I myself like the 7's.  Your gonna get more shot on target than what you would with the 6's.  But both will easily kill to 50yds.


----------



## Dupree (Mar 15, 2012)

Brad C. said:


> I myself like th 7's.  Your gonna get more shot on target than what you would with the 6's.  But both will easily kill to 50yds.



Extra pellets don't matter if they wont even penetrate cardboard 100% of the time at 40 yards.


----------



## Brad C. (Mar 15, 2012)

4x4powerstrokesd said:


> Extra pellets don't matter if they wont even penetrate cardboard 100% of the time at 40 yards.



Well the ones' that don't penetrate the cardboard are the like 9's.  99% of the 7's I shoot on cardboard at 40yds will completely pass through cardboard and bury in wood.


----------



## buckfever33 (Mar 15, 2012)

I have yet to see 7's not penetrate cardboard at 40 yards.


----------



## Gaswamp (Mar 15, 2012)

Brad C. said:


> I myself like th 7's.  Your gonna get more shot on target than what you would with the 6's.  But both will easily kill to 50yds.



50 yard patterns next then?


----------



## TurkeyKiller12 (Mar 15, 2012)

I ain't fussing over this. I'll post my opinion and go on. I switched to H13 #7's last season and it was a good move. I killed turkeys at a little over 40 yds, 35 yds and 15 yds. All the turkeys we're dead and all of 3 of the heads had suffered several hits and was bleeding heavily. Did they flop? YES but most turkeys do flop when they die. I don't feel like Im handicapping myself by going to the woods with this shell.


----------



## Mr. Longbeard (Mar 16, 2012)

I've killed a lot of turkeys with lead... Never had one fly away... Shot two with hevi one flew off and the other was the first turkey that I had to break his neck to finish him...

Most people shoot a lot of bull when it comes to how far they kill something

For me seeing is believing!!!


----------



## Brad C. (Mar 16, 2012)

Gaswamp said:


> 50 yard patterns next then?



No need for that.  I have showed you some of my patterns at 40yds with over 340 hits and then some.  You use your own imagination what they will do at 50yds.  When people say they won't kill a turkey at that distance, they are daydreaming.  Not trying to persuade anyone on here to take long shots, but I wouldn't want to be the gobbler standing at 50yd with a good shooting gun and choke and try and survive a load of #7's.  I doubt I would see tomorrow if the shot was on target as it should be.  That gobbler would be just as dead as if you shot him with 6's.


----------



## Brad C. (Mar 16, 2012)

CanyonHunter said:


> I ain't fussing over this. I'll post my opinion and go on. I switched to H13 #7's last season and it was a good move. I killed turkeys at a little over 40 yds, 35 yds and 15 yds. All the turkeys we're dead and all of 3 of the heads had suffered several hits and was bleeding heavily. Did they flop? YES but most turkeys do flop when they die. I don't feel like Im handicapping myself by going to the woods with this shell.

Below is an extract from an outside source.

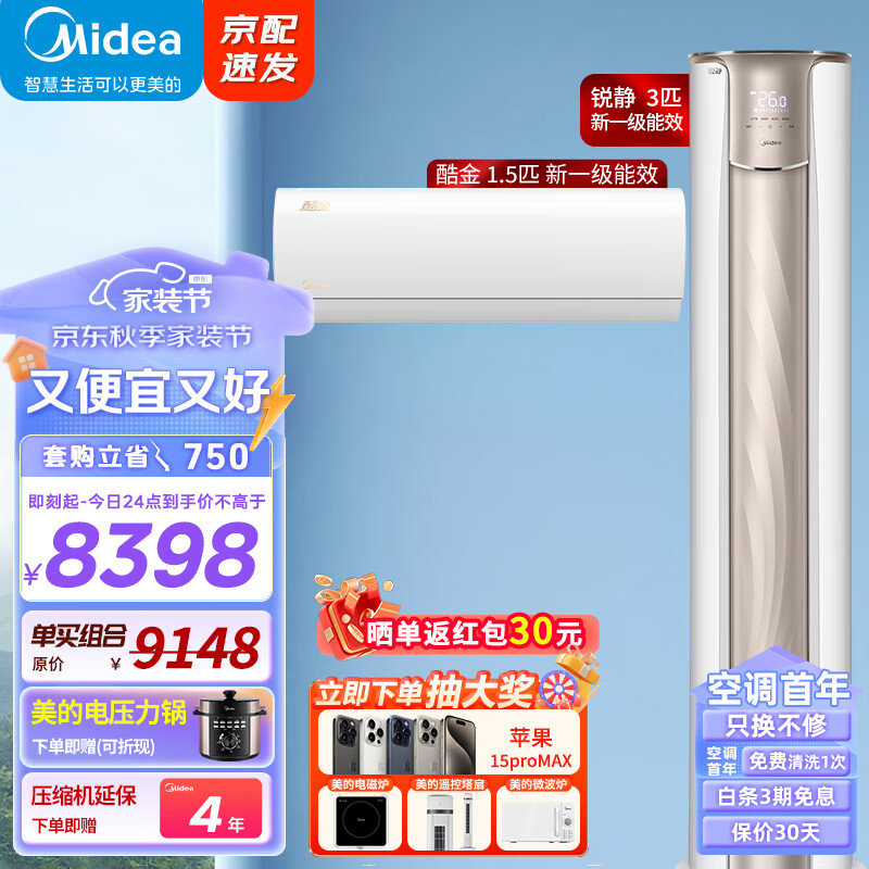 美的(Midea)空调套装 新一级能效 一室一厅套餐 全直流变频冷暖自清洁一键防直吹 挂机酷金1.5匹+柜机锐静3匹价格:8398.00元!

Say it isn't so.  Those 7's are way too small for turkeys.  LOL!  

Some folks just don't know what they are saying when they try to say 7's aren't good on turkeys.   Like I said, I used to be one of the doubters.  But again keep shooting what you like.  I'm not going to try and change your mind.  I know what I'll keep shooting.

And you can throw that chart of penetration out the window because I'm here to tell you it don't hold water when penetrating the head and neck of a turkey at 45yds with Hevi-13 #7's.


----------



## Gaswamp (Mar 16, 2012)

Brad C. said:


> No need for that.  I have showed you some of my patterns at 40yds with over 340 hits and then some.  You use your own imagination what they will do at 50yds.  When people say they won't kill a turkey at that distance, they are daydreaming.  Not trying to persuade anyone on here to take long shots, but I wouldn't want to be the gobbler standing at 50yd with a good shooting gun and choke and try and survive a load of #7's.  I doubt I would see tomorrow if the shot was on target as it should be.  That gobbler would be just as dead as if you shot him with 6's.



Im just not into promoting distance shooting in turkey hunting.


----------



## Turkeydoghunter (Mar 16, 2012)

*agree*



Gaswamp said:


> Im just not into promoting distance shooting in turkey hunting.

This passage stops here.